In the blog post “Elevating Disaster Recovery With Kubernetes-native Document Databases.” with Selvi Kadirvel, we explored the theoretical aspects of disaster recovery automation with Nova. Now, let’s delve into the practical side by examining a live demonstration presented by Maciek Urbanski. This demo will showcase the step-by-step process of setting up a disaster recovery workflow for a document database within a multi-cluster Kubernetes environment using Nova.

The demo environment consists of four key components:

^Nova Management Cluster: The central hub that orchestrates the entire process.
^Workload Clusters (2x): These Kubernetes clusters host our applications and Postgres databases.
^Percona Operator (in Workload Clusters): Installed on each workload cluster. Manages Postgres cluster configurations deployed within each cluster. (FerretDB is used as an example database here.)
^HAProxy Cluster (Separate in Production): Demo Setup: In this demonstration, HAProxy is placed on the same cluster as Percona cluster 2 for simplicity. Production Recommendation: In a real-world scenario, HAProxy should reside in a separate Kubernetes cluster with its dedicated disaster recovery plan for enhanced fault tolerance.
^HAProxy Setup: Configuring and deploying the HAProxy instance as the load balancer.

Check out part one of this series, "Elevating Disaster Recovery With Kubernetes-native Document Databases," by Selvi Kadirvel (Tech Lead Engineering Manager at Elotl) for a theoretical foundation on Nova's disaster recovery capabilities.

The demo will be divided into two parts:

Part 1: Day Zero Operations

^Schedule Policy Creation: Defining policies that dictate workload placement across clusters based on labels or namespaces.
^Percona Operator Installation: Setting up the Percona operator to manage the Postgres deployments.
^Percona Cluster Configuration: Configuring and deploying the Postgres clusters in the designated workload clusters.
^FerretDB Deployment: Installing FerretDB as a sample document database within the workload clusters.
^HAProxy Setup: Configuring and deploying the HAProxy instance as the load balancer.
^Recovery Plan Creation: Defining a recovery plan that outlines the automated actions Nova will take in case of a failure.

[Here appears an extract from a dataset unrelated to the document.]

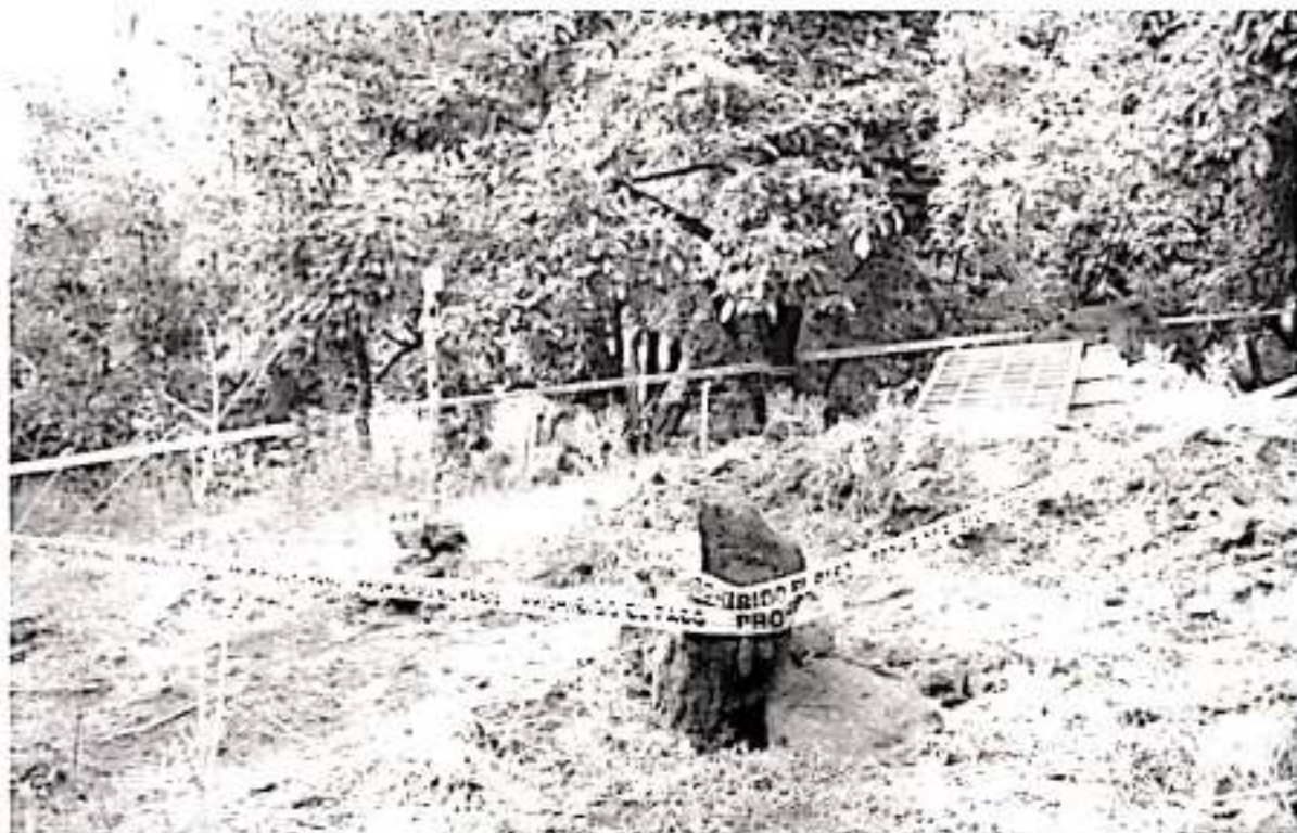
El funcionario federal expuso que además se realizará un estudio de los manantiales del área comprendida entre San Juan Nuevo Parangaricutiro, Paracho y Uruapan, que servirá para determinar lo que está sucediendo.

entrevista expuso que además se realizará un estudio de los manantiales del área comprendida entre San Juan Nuevo Parangaricutiro, Paracho y Uruapan, que servirá para determinar lo que está sucediendo y cuál es

By completing these steps, we establish a functional database deployment with disaster recovery capabilities orchestrated by Nova.

Part 2: Simulating a Failure and Recovery

^Failure Simulation: Simulating a database failure to trigger the disaster recovery plan.
^Simulating Alert Trigger: In a real-world scenario, an alerting system would detect a database failure and trigger a webhook to notify Nova. However, for this demonstration, we're simulating the alert by directly injecting an alert object into the Nova control plane using the Kubernetes API.
^Recovery Plan Execution: Observing Nova automatically executes the predefined plan to restore database availability.
^Post-Recovery Verification: Confirming successful recovery and database accessibility through the HAProxy endpoint.

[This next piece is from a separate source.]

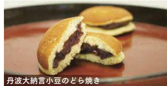
丹波大納言小豆のどら焼き
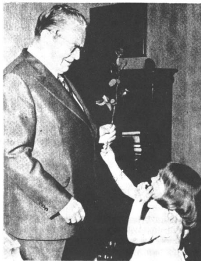
Na slici je drug Tito i njegova unučica Saša. Saša čestita svome djedu rođendan.

With this comprehensive demo, you’ll gain valuable insights into how Nova simplified disaster recovery management for your document databases in a Kubernetes environment. Let’s proceed with the detailed breakdown of Maciek’s demo, starting with the installation process.

Defining FerretDB Placement Policies

Following the creation of scheduling policies for Percona deployments, Maciek moves on to defining policies for FerretDB placement. He creates two separate policies for services that interact with FerretDB, simplifying the visualization of these policies. Additionally, a third policy is introduced with the following functionalities:

^Spreading FerretDB Deployments: This policy distributes FerretDB deployments across both workload clusters, ensuring redundancy.
^Replication with Configuration Overrides: It replicates the FerretDB deployments but applies configuration overrides.
^Tailoring Configuration Overrides: These overrides ensure each deployment connects to the appropriate Percona cluster (Cluster One or Cluster Two) based on its location within the workload cluster.
^Tailoring Configuration Overrides: These overrides ensure each deployment connects to the appropriate Percona cluster (Cluster One or Cluster Two) based on its location within the workload cluster.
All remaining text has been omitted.